«C'est vrai, Messieurs, le général Boulanger vient d'entrer ici: il offre à dìner, ce soir, chez moi, à six de ses amis... Entre nous, je crois que ce sont des officiers supérieurs.»

Ils sont partis, enchantés de m'avoir arraché mon secret.

Deux heures ne s'étaient pas écoulées que d'autres consommateurs sont arrivés, des journalistes ceux-là, montés exprès de Clermont pour savoir à quoi s'en tenir: ils avaient entendu raconter, au café, que le général Boulanger faisait dìner chez moi, ce soir, quantité de généraux accourus de plusieurs points de la France...

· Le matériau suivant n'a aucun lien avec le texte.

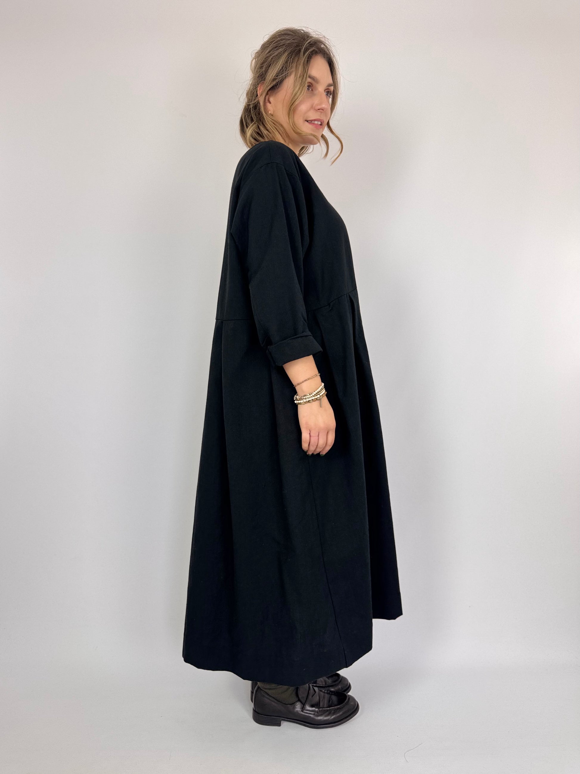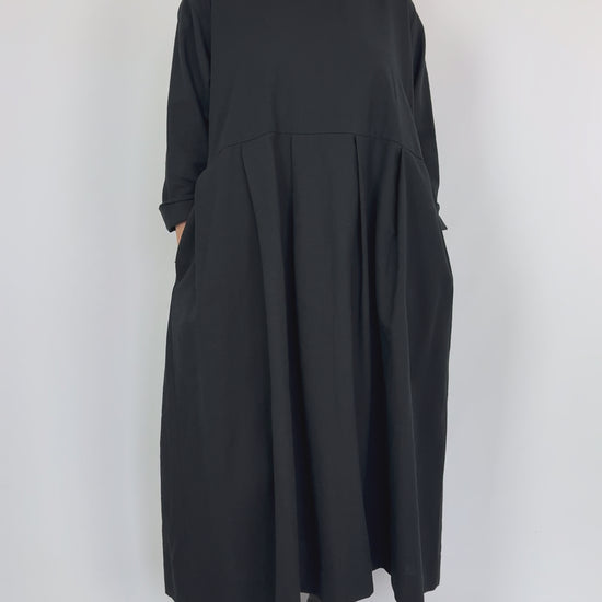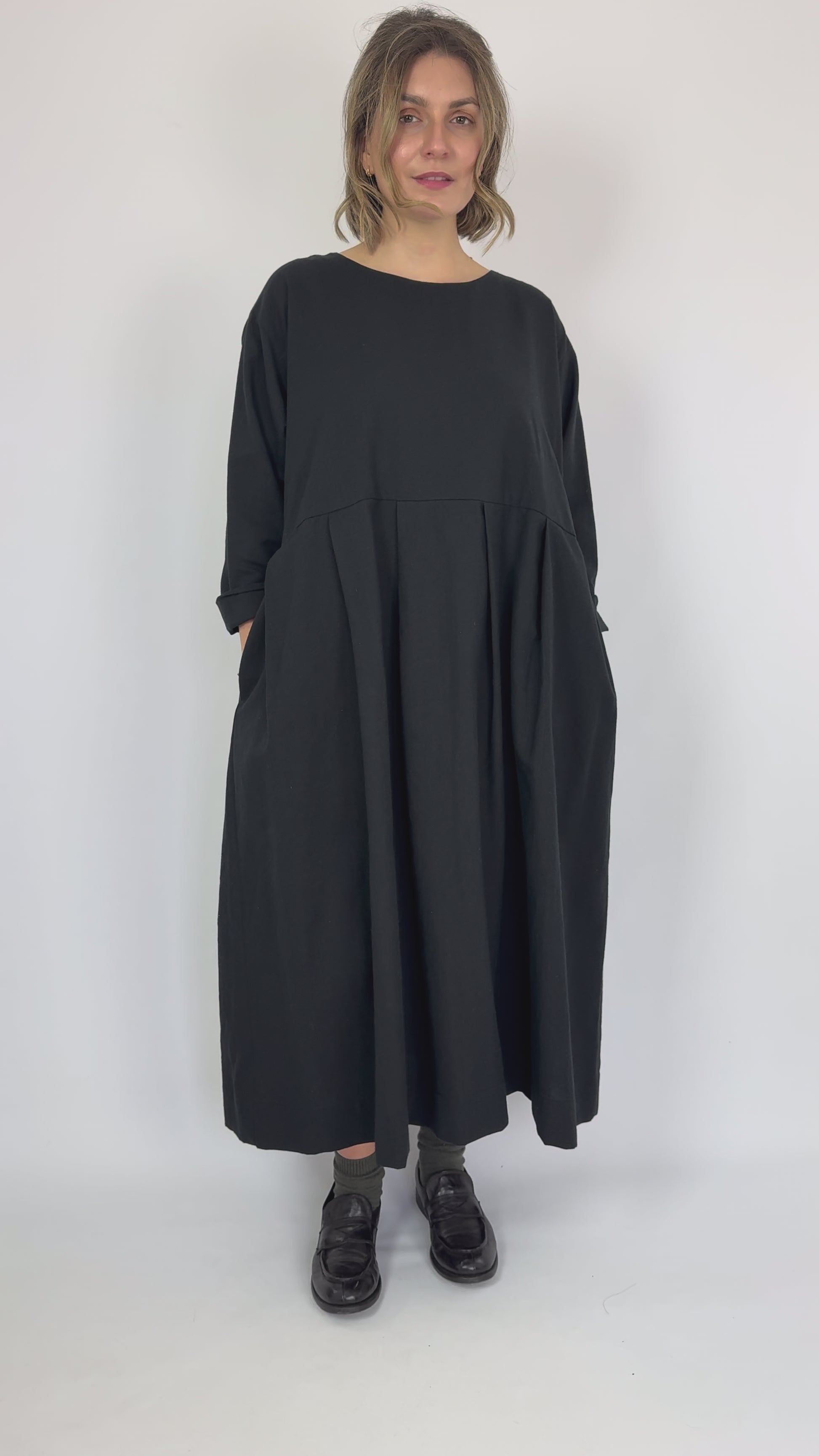 The Muku C1398 Dress in Black combines comfort and sophistication with its loose, oversized silhouette and round neckline. Crafted from a breathable linen, cotton, and wool blend, it features a pleated skirt that adds graceful movement and side seam pockets for practical elegance. Ideal for those seeking a refined yet relaxed wardrobe staple.

Décidément, il fallait couper les ailes au canard que j'avais laissé s'échapper de ma basse-cour.

«Messieurs, leur ai-je dit, on doit exagérer... Je ne suppose pas que ces messieurs, qui sont là-haut, soient des généraux, car ils disent tous, en s'adressant à leur amphitryon: «Mon général...»

«Oh! cela ne prouve rien!» ont-ils interrompu en chœur.

J'ai continué imperturbablement:

«Et le général leur répond: «Colonel, commandant, major...»

Ils se sont regardés, fortement déçus.

«Bah! si c'est du menu fretin, a opiné l'un d'entre eux, pas la peine d'en parler!»